• [EXERCISE BRIEF]
These records contain pictures, which must be left out; copy exactly the lines from the one with "24日,十三届全国人大常委会" up to and including the one with "Een globale impressie".

• [RECORDS SUPPLIED]
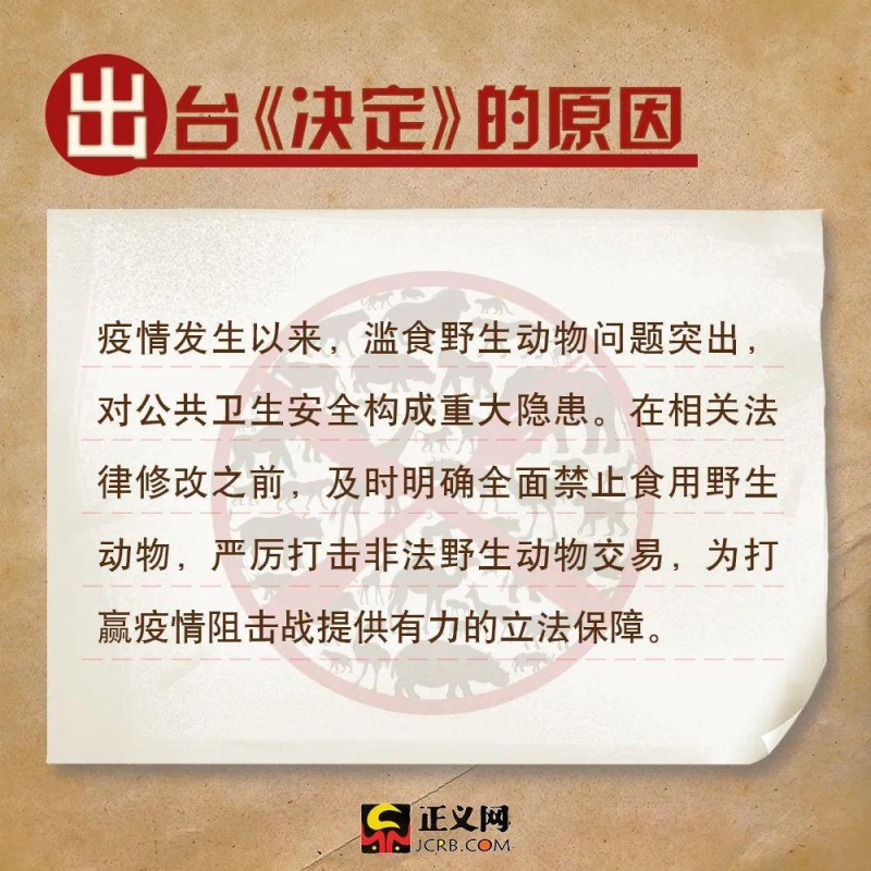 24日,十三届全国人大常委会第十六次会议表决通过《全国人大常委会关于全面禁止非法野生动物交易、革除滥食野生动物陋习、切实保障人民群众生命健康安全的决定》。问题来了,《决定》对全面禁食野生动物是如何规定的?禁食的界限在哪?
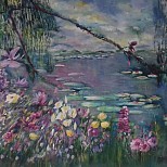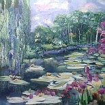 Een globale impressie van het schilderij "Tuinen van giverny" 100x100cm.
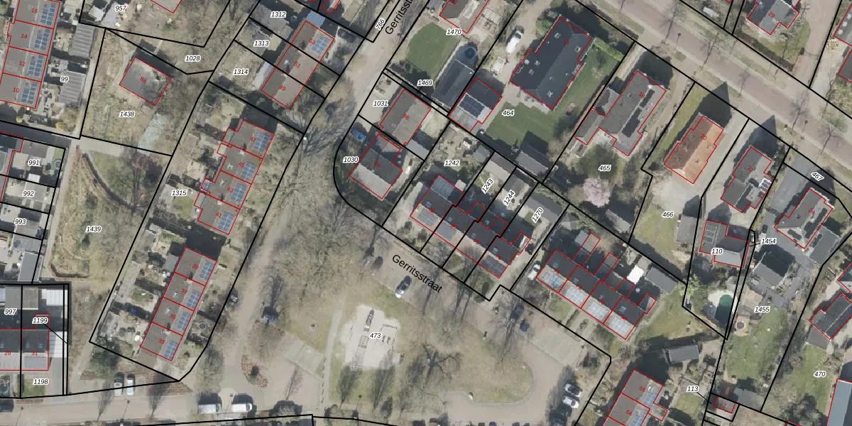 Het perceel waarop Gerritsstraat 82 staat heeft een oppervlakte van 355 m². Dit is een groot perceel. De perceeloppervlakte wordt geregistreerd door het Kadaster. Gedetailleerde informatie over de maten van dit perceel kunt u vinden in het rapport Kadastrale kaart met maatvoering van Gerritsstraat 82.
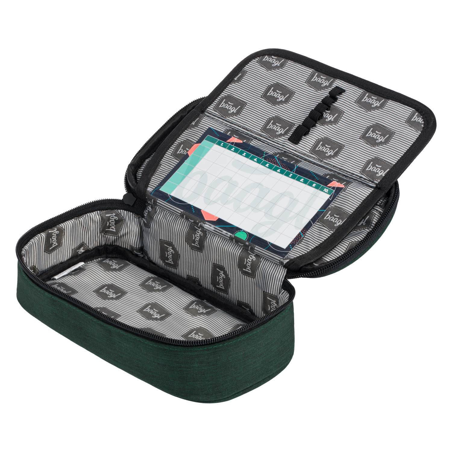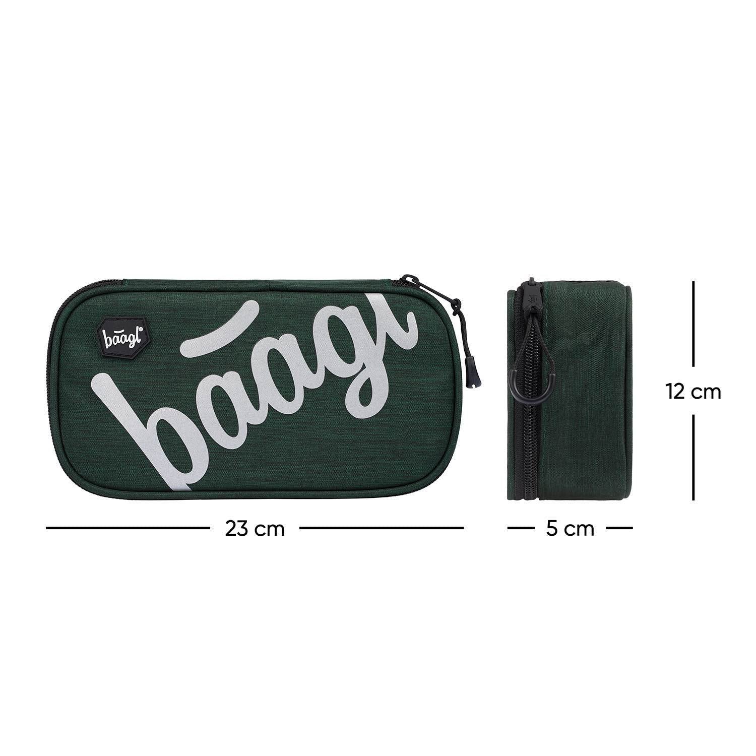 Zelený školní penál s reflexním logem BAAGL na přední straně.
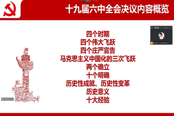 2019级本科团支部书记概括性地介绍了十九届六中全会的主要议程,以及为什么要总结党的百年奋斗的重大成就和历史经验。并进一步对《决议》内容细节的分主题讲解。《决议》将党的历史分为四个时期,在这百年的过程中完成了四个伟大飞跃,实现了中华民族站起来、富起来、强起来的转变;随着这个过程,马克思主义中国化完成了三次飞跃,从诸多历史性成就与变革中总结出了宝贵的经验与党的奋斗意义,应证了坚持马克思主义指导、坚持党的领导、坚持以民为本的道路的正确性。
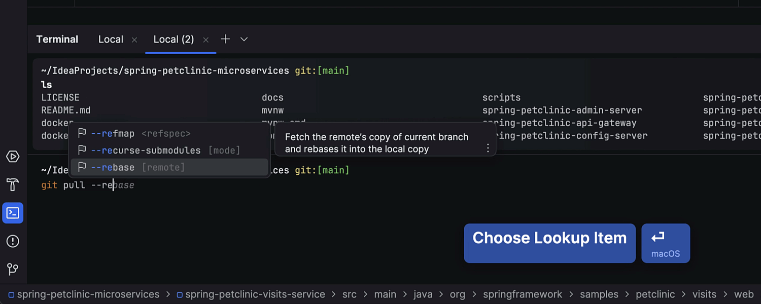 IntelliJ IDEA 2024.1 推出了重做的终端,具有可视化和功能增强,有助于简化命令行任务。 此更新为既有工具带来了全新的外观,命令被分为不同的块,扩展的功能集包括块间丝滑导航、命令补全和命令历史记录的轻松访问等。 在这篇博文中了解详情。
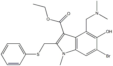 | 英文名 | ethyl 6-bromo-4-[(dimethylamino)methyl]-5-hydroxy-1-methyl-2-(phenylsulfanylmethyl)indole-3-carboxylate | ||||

* * *

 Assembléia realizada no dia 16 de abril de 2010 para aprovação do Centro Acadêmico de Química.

• [SOLUTION]
 24日,十三届全国人大常委会第十六次会议表决通过《全国人大常委会关于全面禁止非法野生动物交易、革除滥食野生动物陋习、切实保障人民群众生命健康安全的决定》。问题来了,《决定》对全面禁食野生动物是如何规定的?禁食的界限在哪?
 Een globale impressie van het schilderij "Tuinen van giverny" 100x100cm.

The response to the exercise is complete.